I watched this film last night, and holy mother of Millicent, this was a fun film. The Rider of the Skulls is a sort of Zorro, Batman, hybrid character, who travels through Mexico in the old west timey, righting wrongs and kicking monster booty.
The credit has the masked, The Rider of the Skulls riding through the Mexican countryside. He comes on a graveyard littered with human bones and rats. A werewolf howls. The rats scurry into human skulls. The werewolf murders a peasant. An old witch laughs. DAMN, the film kicks off to a great start.
The film is broken into three stories. The first story has The Rider of the Skulls track down the murderous werewolf. It's not much of a mystery who the werewolf is, but he murders a small girl, a couple of other folks, and a young boy's mother before he is dispatched with extreme prejudice. The boy and a local drunk/coward/fat/bearded/chump become the Rider of the Skulls' traveling companions.
A vampire terrorizes a village. This is a nosferatu, ugly, vampire bat looking bloodsucker. The Rider of the Skulls and his team send the Vampire back to the grave. This is the weakest of the stories.
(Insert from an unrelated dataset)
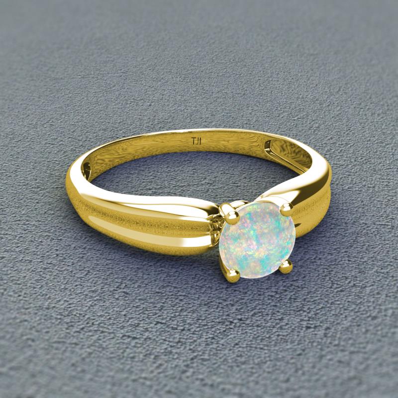 Round Opal 0.60 ct Womens Solitaire Engagement Ring 18K Yellow Gold More Details ...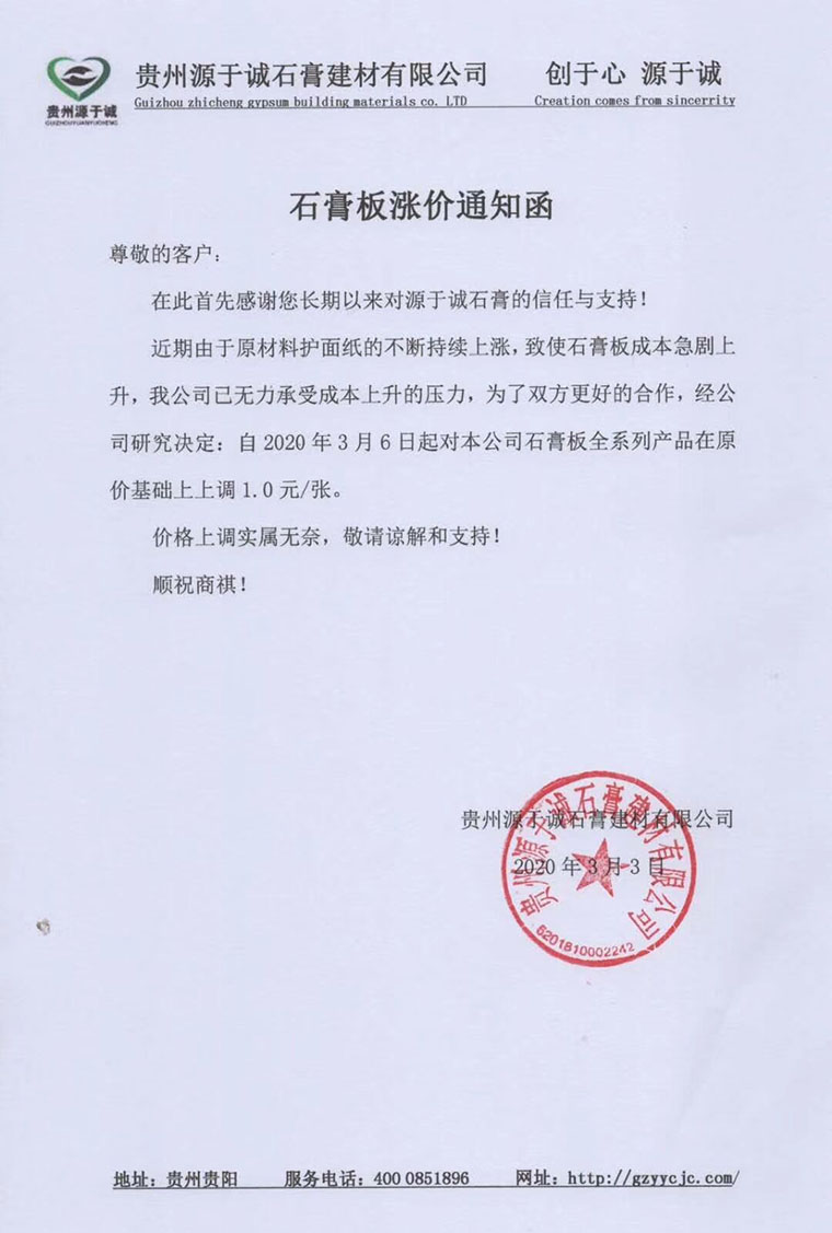石膏板漲價通知函

The last story has a woman carrying around the decapitated head in a wooden box. Her father was a scientist and he removed the head from a corpse in order to study it. I missed exacty why, but the head's body is pissed off and murdering people. Finally, the head and body are reunited. People are captured and tied. The zombie, re-attached head guy has a posse of two skull faced killers. Lightening and thunder erupt. The woman and The Rider of the Skulls are captured and tied up. All looks lost. But through cleverness, the Riders' boy friend, and kickassery, good triumphs in the end.
The film is great fun. The cinematography is pretty good. Mostly medium shots with some fine placed, but too sparce, close ups. The Rider of the Skulls is cool. His little boy follower is not annoying and is actually quite clever and useful. The drunk old loser is not that drunk and not too much of a loser. The three stories are short and quick and do not drag.
The film was directed by Alfredo Salazar and released in 1965. However, the film feels like a very ahead of it's time film from the 1940's.
The DVD does not have English subtitles or a dub. There is a bootlegged version with subtitles out there. FIND IT!
I just realized that I didn't take any screenshots of any of the protagonists. The monsters just look too cool in this one. These shots could all be album covers with a little manipulation.
(Poster via dhoni101. I modified the top picture in Photoshop a bit. It has a cool, abstract, kind of Bela Lugosi's Dead/Cabinet of Caligari look to it, I think.)